Date: 2015-03-13
Type of information: Results
phase: 3
Announcement: results
Company: Baxter (USA - IL)
Product: BAX 817
Action
mechanism: protein/anticoagulant agent. BAX 817 is an investigational recombinant factor VIIa (rFVIIa).
Disease: treatment of hemophilia A or B patients who have developed inhibitors
Therapeutic area: Hematological diseases - Genetic diseases - Rare diseases
Country:
Trial details:
Latest
news: * On March 13, 2015, Baxter announced positive results from its Phase III clinical trial evaluating the safety and efficacy of BAX 817, an investigational recombinant factor VIIa (rFVIIa) treatment for people with hemophilia A or B who develop inhibitors. The prospective, open-label, randomized, multicenter trial was designed to assess the safety and efficacy of BAX 817 in male patients ages 12 to 65 with hemophilia A or B with inhibitors over a 6-month period using on-demand therapy.
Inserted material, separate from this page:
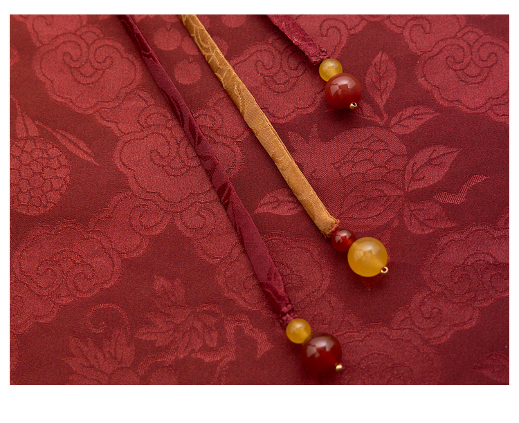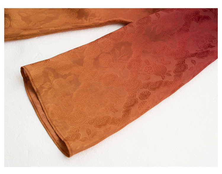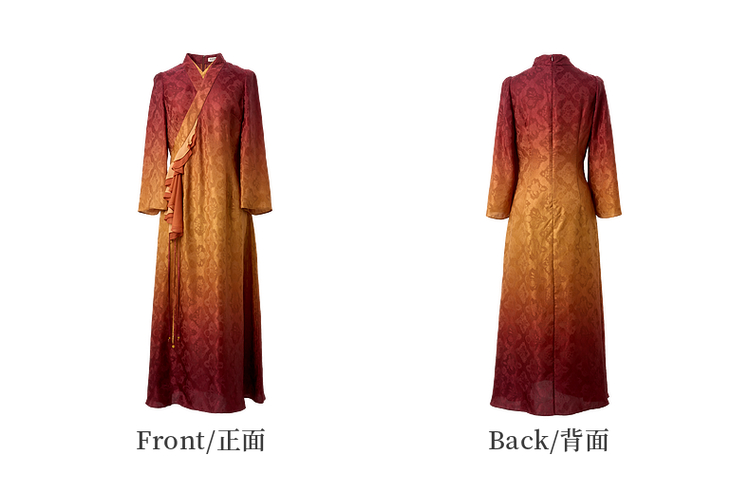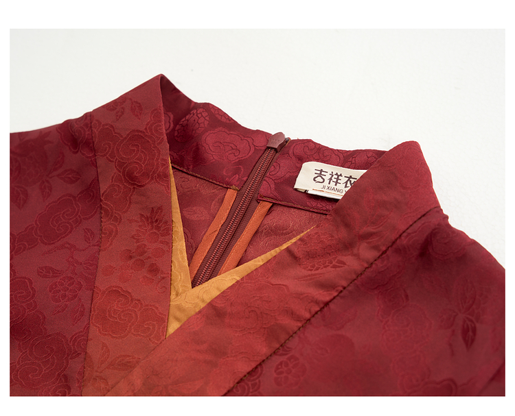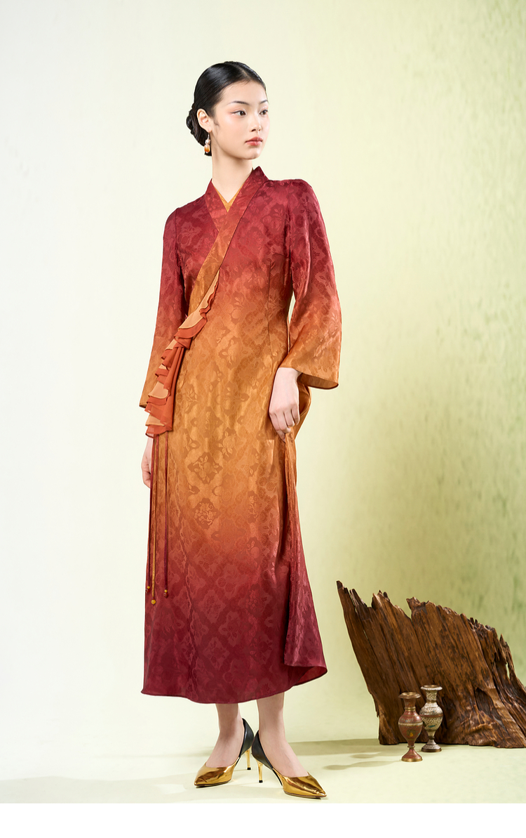 吉祥衣家新中式国风桑蚕丝气质修身女装绯云舒卷真丝连衣裙

The trial met its primary endpoint of successful resolution of acute bleeding episodes at 12 hours with both on-demand treatment regimens, dosing either 3x90 µg/kg or 1x270 µg/kg, with an overall success rate of 92 percent (98 percent and 85 percent in each dosing group, respectively). Further, 89 percent of patients in the trial achieved sustained bleeding control for all acute bleeding episodes 24 hours after infusion. No patients developed inhibitors or binding antibodies to BAX 817, and none discontinued treatment due to an adverse event (AE). One patient was hospitalized following a traumatic muscle bleed that did not respond to BAX 817. Non-serious AEs observed in the trial were generally consistent with the underlying disease or other etiology, and were all deemed to be unrelated to treatment. Full data from the trial, including additional efficacy and safety outcomes, will be presented at a medical meeting later in 2015. The company plans to initiate regulatory submissions aligned to manufacturing expansions currently underway. Baxter remains committed to advancing our portfolio in inhibitor management. If approved, BAX 817 would broaden the existing portfolio of hemophilia and inhibitor treatments within Baxter\'s biopharmaceutical business, including FEIBA [ Anti-Inhibitor Coagulant Complex ] and the recently approved OBIZUR [Antihemophilic Factor (Recombinant), Porcine Sequence] for acquired hemophilia A.